Under TikTok’s plan, users attempting to access the app will be redirected to a website explaining the ban. The company also intends to allow users to download their data for future use. TikTok and its parent company ByteDance have yet to comment on these developments.

The ban stems from a law signed by President Joe Biden in April 2024, requiring ByteDance to sell its US assets by January 19, 2025, or face a nationwide ban. TikTok has challenged the law, arguing that it violates First Amendment protections. In a recent court filing, the company warned that a month-long ban could result in one-third of its 170 million US users leaving the platform permanently.

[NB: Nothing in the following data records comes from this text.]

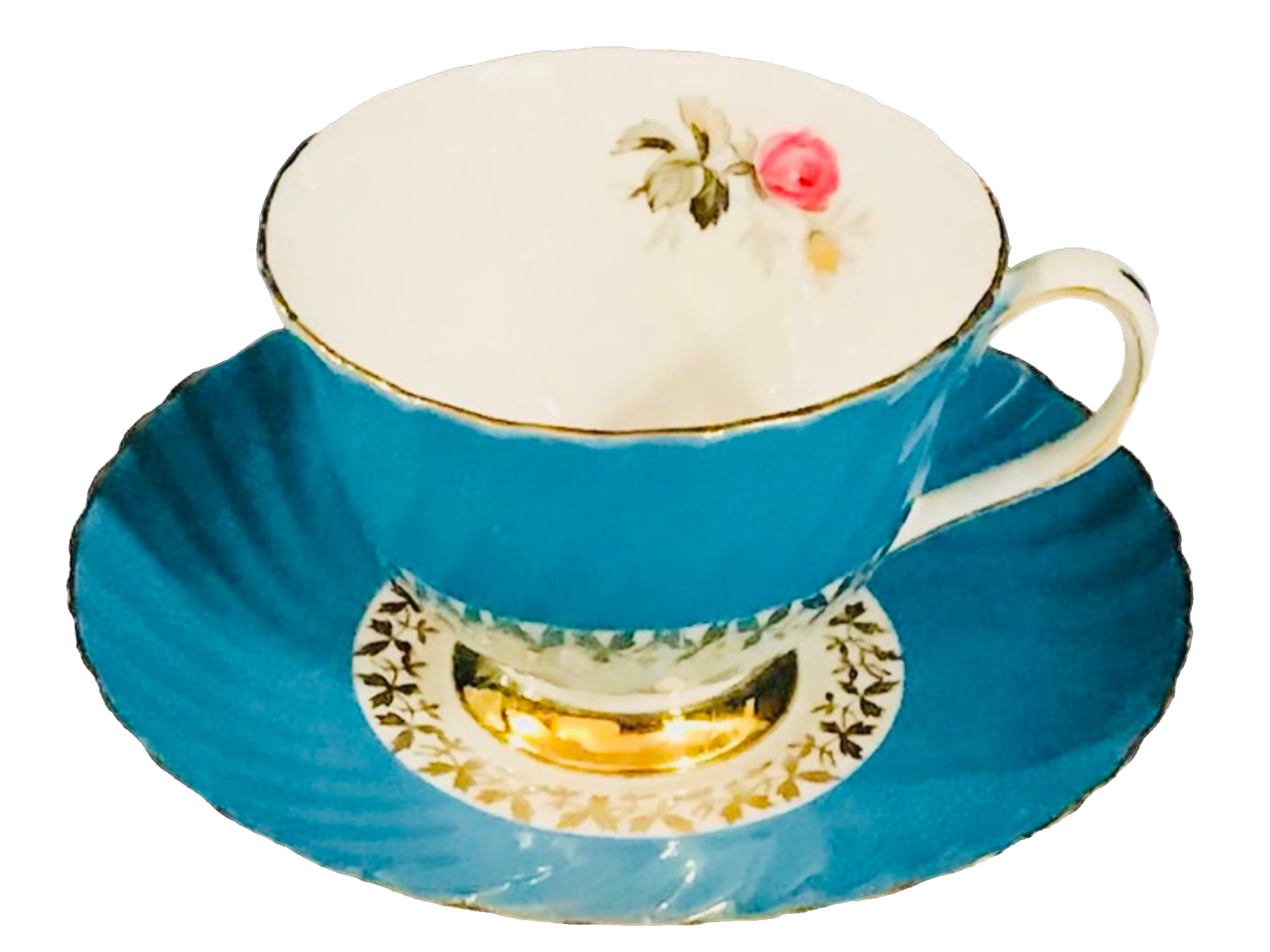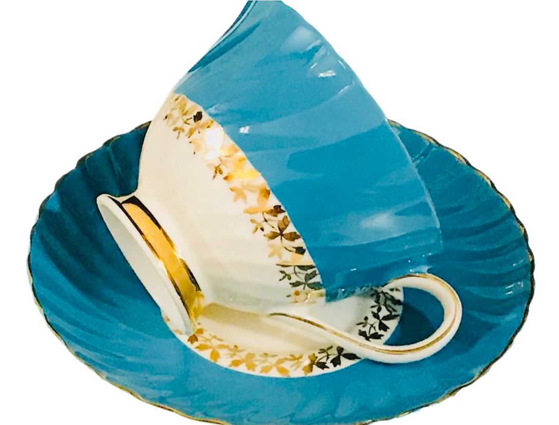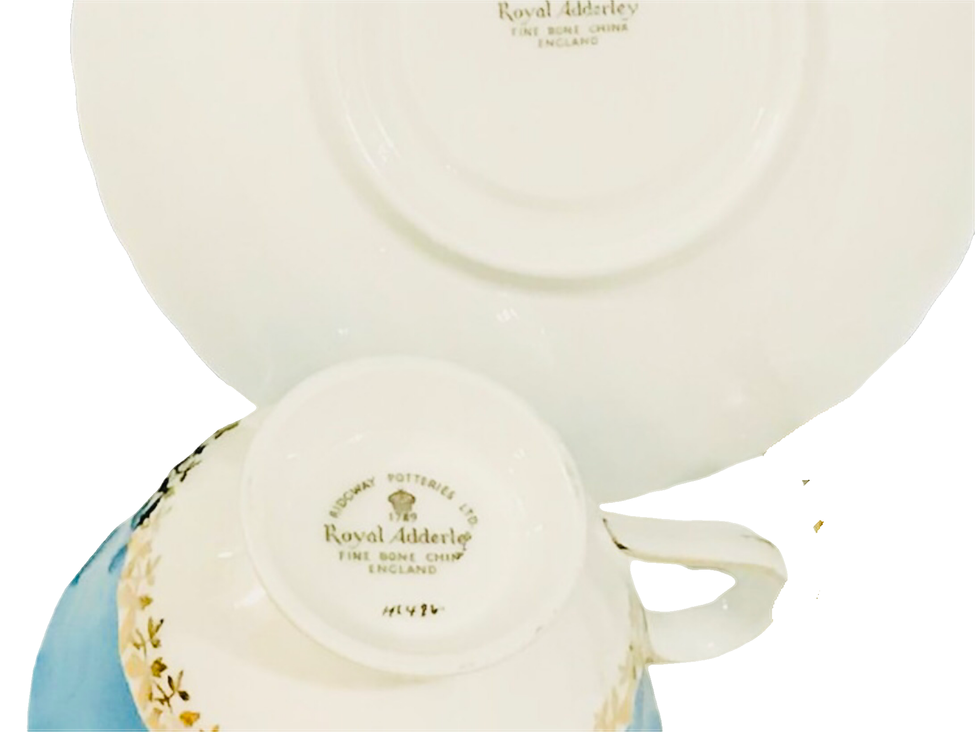 Pretty Royal Adderley duo, made in England. Swirled turquoise blue set with gold detailing, teacup base and gold trim. Numbered what looks like H6486.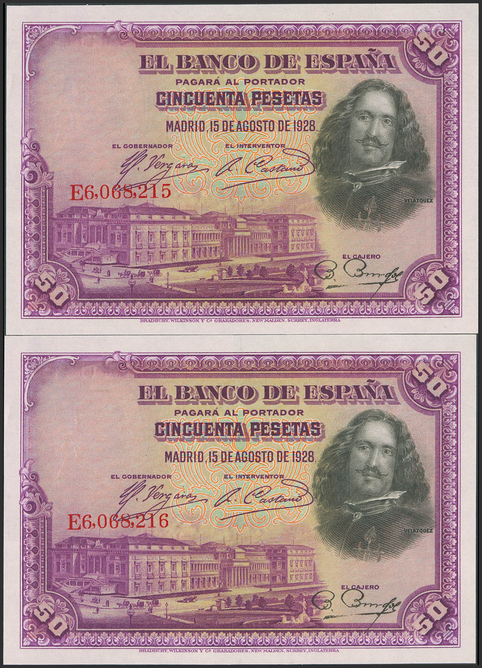 50 Pesetas. 15 de Agosto de 1928. Pareja correlativa. Serie E. (Edifil 2023: 354). Apresto original. SC/SC-.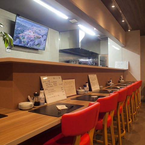 お一人様でも気軽に利用できるカウンター席を8席ご用意。サクッと飲みたい時や、軽く食事を済ませたい時にもぴったりの落ち着いた空間です。目の前で仕上がる料理の香りを感じながら、こだわりの料理とお酒を楽しめる特等席。仕事帰りのちょい飲みはもちろん、気分転換に立ち寄る方にも人気のお席です。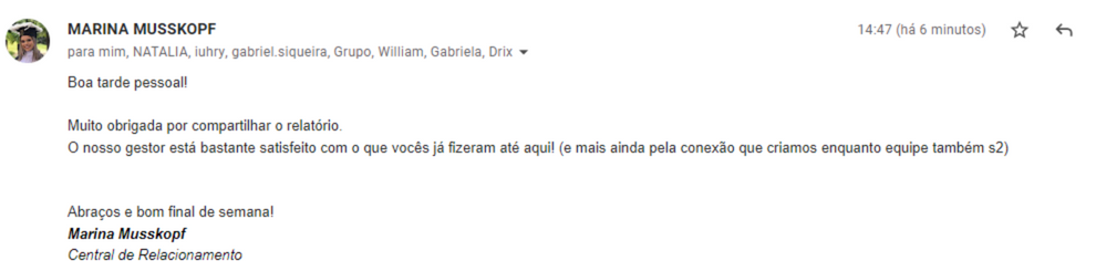 Para alcançar resultados tão satisfatórios como esses foi preciso uma verdadeira parceria entre a nossa equipe de Mestres e o excelente time de Univates. Graças ao acompanhamento contínuo da Marina e do Gabriel e seus feedbacks criamos uma conexão em nossas ações, o que resultou no atingimento das metas do projeto.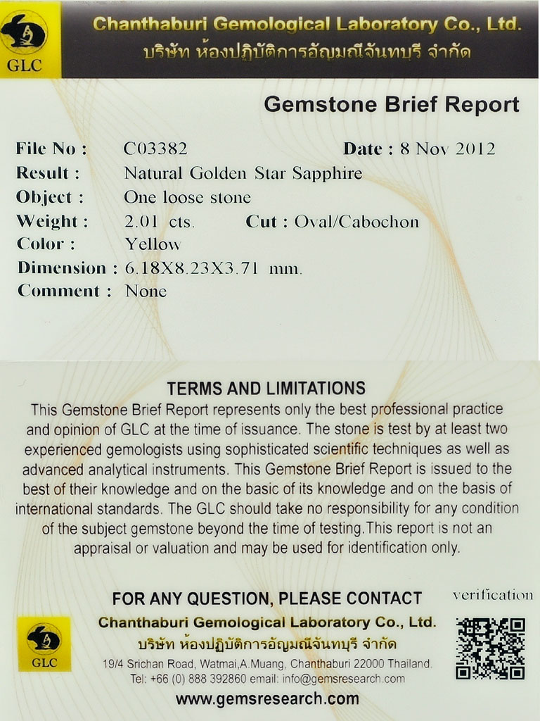 Golden Star Sapphire 6 Ray Certified 2.01 Ct. Oval Cabochon Natural Gem Thailand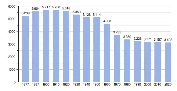 Die kontinuierliche Bevölkerungsrückgang in der zweiten Hälfte des 20. Jahrhunderts ist im Wesentlichen auf die Mechanisierung der Landwirtschaft und den damit einhergehenden Verlust an Arbeitsplätzen zurückzuführen.[4]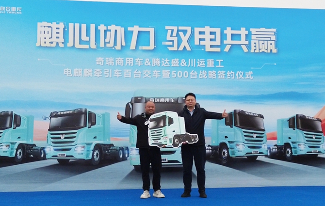 2026年3月12日,以“麒心协力 驭电共赢”为主题的奇瑞商用车&腾达盛&川运重工电麒麟牵引车百台交车暨500台战略签约仪式在四川德阳隆重举行。现场电麒麟牵引车整齐列阵,共启西南绿色物流迈向规模化运营的关键一步。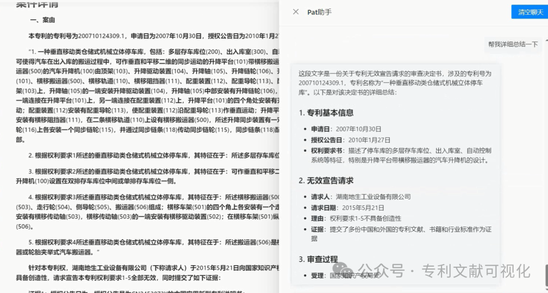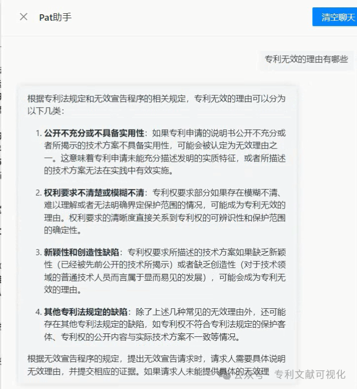 此外,我们引入了无效问答功能,这标志着我们向构建一个全面的知识产权专题知识库迈出了坚实的一步。通过这一功能,pat助手能够利用其先进的语言处理能力,为用户提供有关专利无效性的深入分析和解答。这不仅包括对现有法律框架的解读,还涉及对案例法的分析,以及对市场趋势的洞察。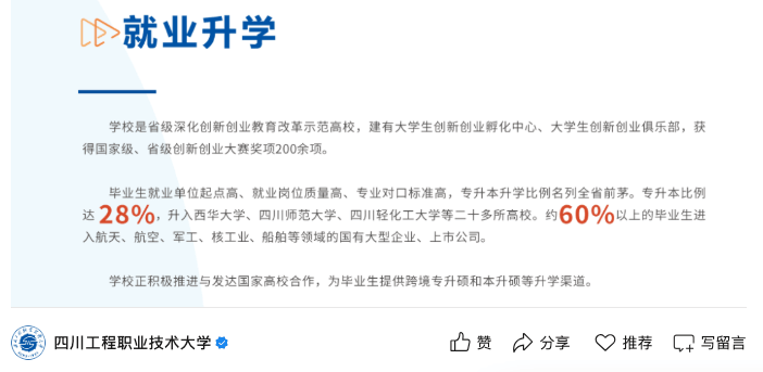 四川工程职业手艺大学位于四川省德阳市,学校始建于1958年,时名德阳沉型机械制制学校,1962年,学校改名为第一机械工业部德阳机械制制学校,具有耀眼的部下布景,后又历经多个成长阶段,正在2024年更为现名,也是四川省第一所公办职业手艺大学。而正在我国,但凡是具有部下布景的高校,无论后面成长若何,大大都环境下,结业生就业质量都不会差。
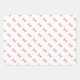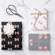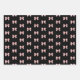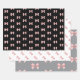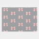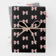 A pattern of pink bows adorn this wrapping paper. Each sheet has a slight variation on the pattern on a white, black and grey background.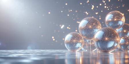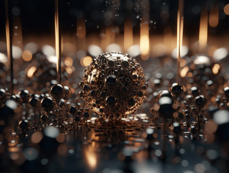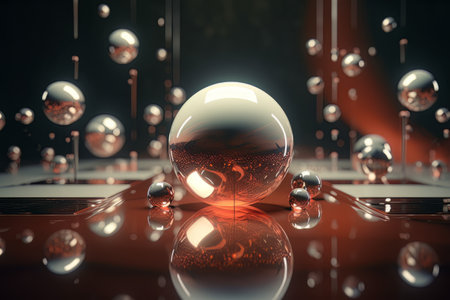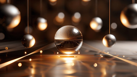 A captivating glass sphere surrounded by floating metallic balls, illuminated with warm light. This abstract composition showcases elegance and modern aesthetics, perfect for design.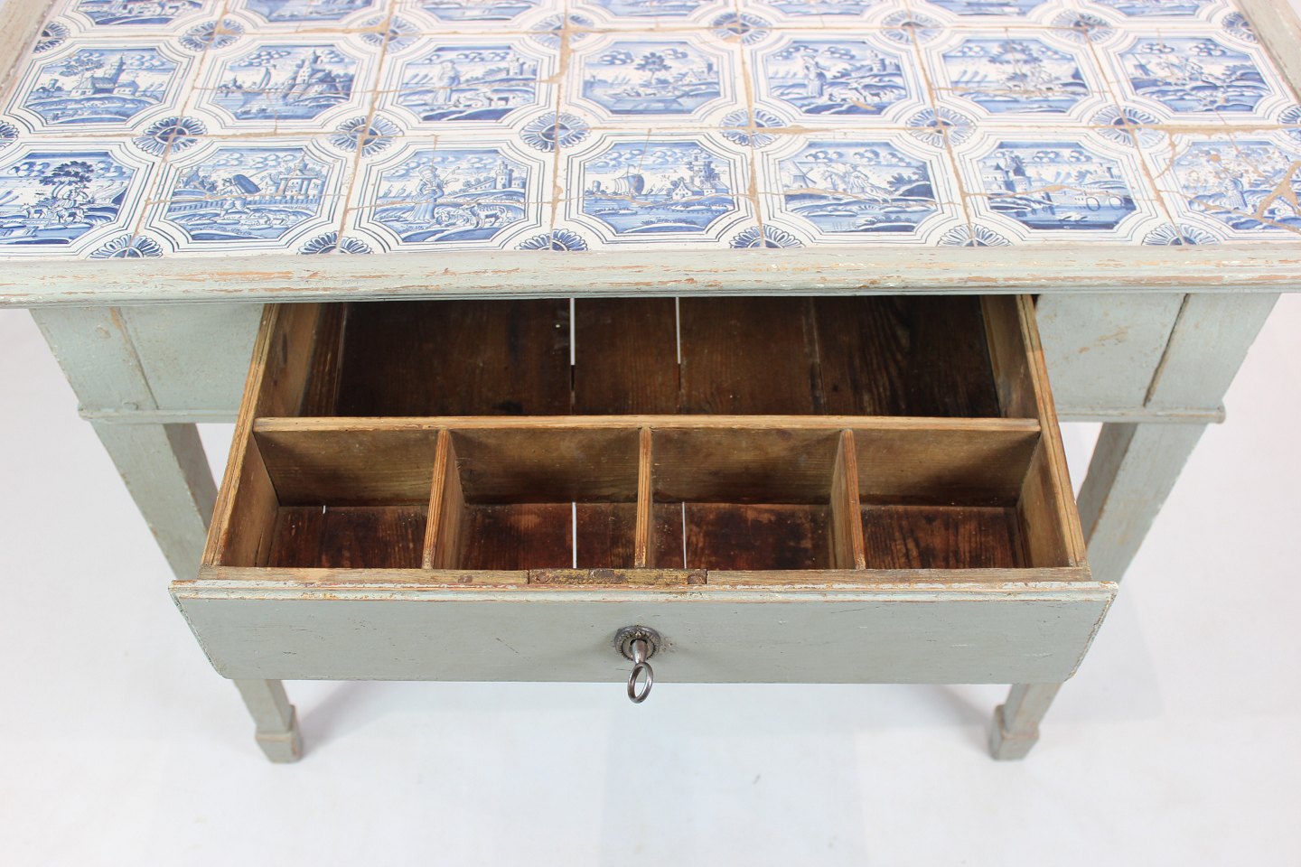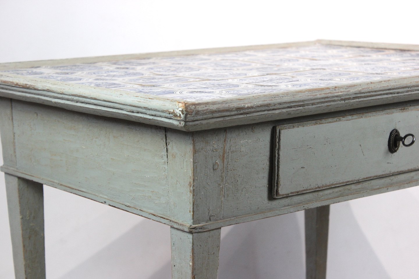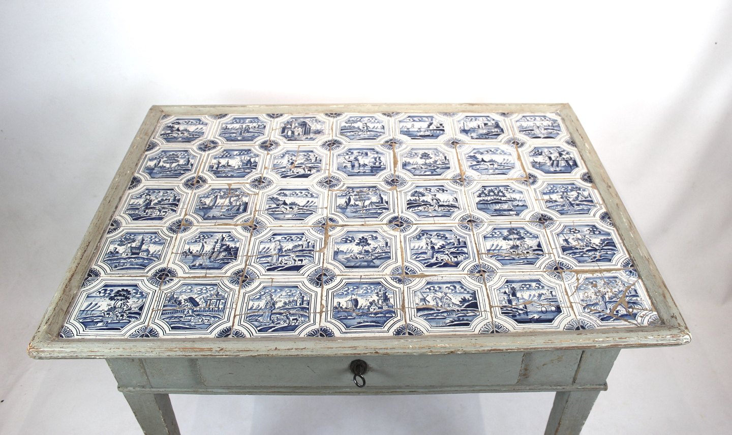 SoldGrey painted danish tile table from the 1780s with dutch tiles. The table is in great vintage condition.

This potential shutdown reflects the escalating tensions surrounding TikTok’s operations in the United States, as debates over data security and free speech continue.

Russia slaps Google with $78 million fine

A Russian court has imposed an 8 billion rouble ($78 million) fine on Google for failing to comply with previous penalties related to administrative offences, according to the Moscow courts’ press service. The fine marks a sharp increase from the usual smaller penalties issued to foreign tech companies operating in Russia.

Russia has repeatedly demanded that foreign platforms, including YouTube, remove content it deems illegal. Critics argue that the government’s pressure on YouTube, once a major platform in Russia, is aimed at limiting access to dissenting voices. YouTube’s daily users in Russia have plummeted from 50 million to 12 million amid growing restrictions and alleged speed disruptions.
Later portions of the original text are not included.